I also think it highlights another change – lower risk appetite for customer flow. Without doubt the LPs in question are happy to take the flow on their terms, which is, in itself, a change in tone, but they are acting more like brokers every week that passes. I still believe that for customers whose first priority is hedging and not market direction, the FX market has plenty of risk absorbers happy to provide a service – for the more active, directional firms, it is a different story.
My sense is the broadest application for data science at this time is for defensive, or negative, purposes
In the past, there is no doubt that a bank trading desk would take certain hedge fund flow and trade with it – into the bargain reinforcing the fund’s direction of travel – but now it is such a grey area in terms of conduct, that most desks are happy to execute the flow, provide the flow analysis to the clients (anonymised of course) and walk away with P&L (hopefully) intact. The challenge is, this flow used to be profitable because the trading desk went with it, there was often an initial loss on covering the trade.
We know that data science is changing the nature of the FX market, but the change is being exacerbated by a reduction in risk appetite and LPs’ willingness – even permission – to take a deliberate market position. Combined, the two trends have seen LPs become even more like brokers – why else would there be a prolonged discussion about riskless principal? – and that represents a threat to the good market function.
By taking out the risk appetite you remove any of the benefit of seeing the hedge fund flow described here.
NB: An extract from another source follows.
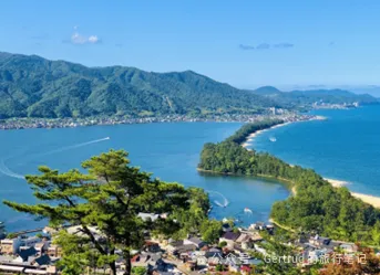 回到JR西舞鹤站,先别急着返回京都市区,让我们继续往西,搭乘第三部门铁道公司京都丹后铁道运营的列车,前往下一个目的地宫津地区。这里最著名的景点便要数日本三景之一的天桥立了,这是一处位于海中的沙洲,在退潮时会形成一条天然的道路,牢牢封住宫津湾,这让古代的日本民众对这一自然奇观啧啧称奇,他们便在沙洲上修建道路,设置神社,种上参天的松树,形成了独属于这里的自然与文化交融之美。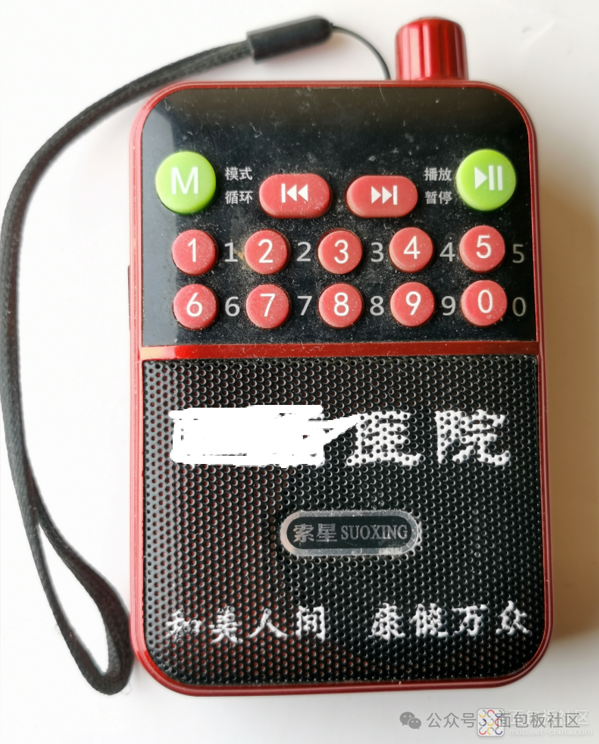 本次拆解的是一台便携式多媒体收音机,由某医院用于保健品宣传及自身形象推广。这类设备常以“保健关爱活动”“健康讲座礼品”或“孝心工程”等名义免费发放给老年人,也有以几十元低价出售——远低于市场同类产品的正常成本,因此最初推测其做工粗糙、用料低廉。

This in turn means those hedge funds find the FX market a less appealing place to do business and, in time, reduce their activity (probably going to crypto).
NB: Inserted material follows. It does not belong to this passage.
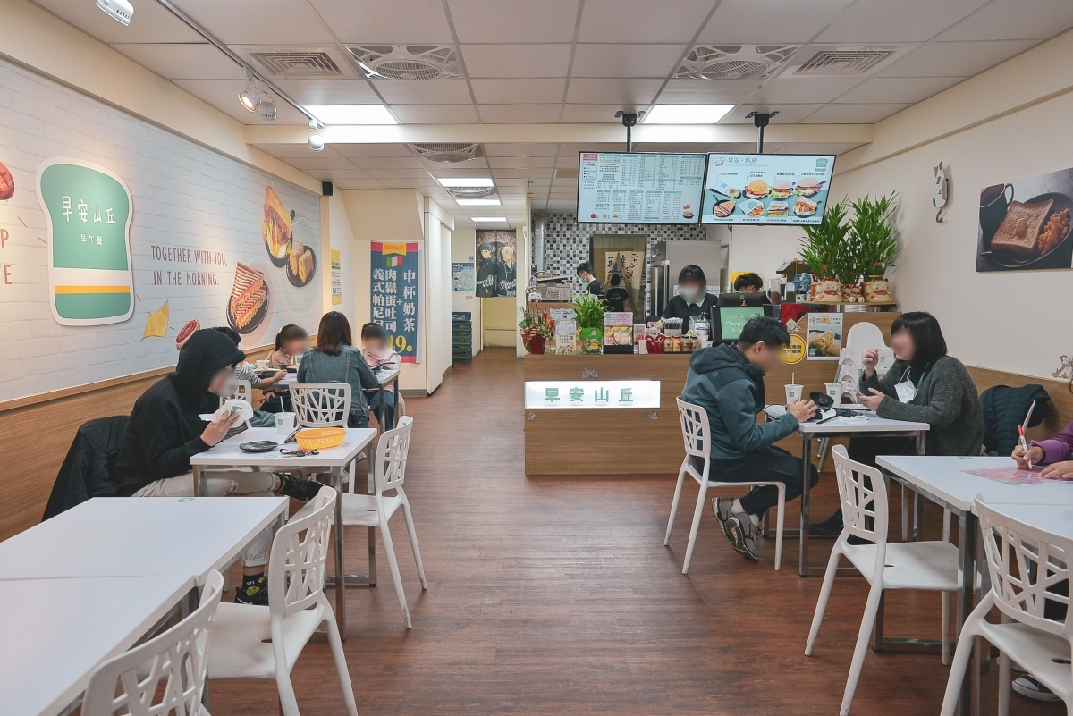 早安山丘早午餐新竹北大店位於新竹市北大路,附近有西門國小,周邊有些路邊停車格,門口可停放機車。週末用餐人潮滿滿,大家都帶著家人、孩子一起來用餐。空間明亮乾淨,簡單的早餐店擺設,質感藍綠色的招牌燈箱,為整個空間增添質感。因為用餐客群有很多家庭客,店內有提供兒童座椅,還蠻貼心,有需要的客人可以向店員說一聲,自行取用。

There is no right and wrong answer here, but in an ideal world data science does root out predatory behaviour on the part of some liquidity consumers, and at the same time the FX market, by having a decent risk profile, provides a better landscape in which it can be used.
My sense is the broadest application for data science at this time is for defensive, or negative, purposes – to help find a reason to hold a trade longer in the last look window or to stop providing risk transfer services to certain clients. Wouldn’t it be nice if it could be used in association with a greater risk appetite? Certainly if that occurred then some LPs might find they need to change their business model back from broking to risk taking.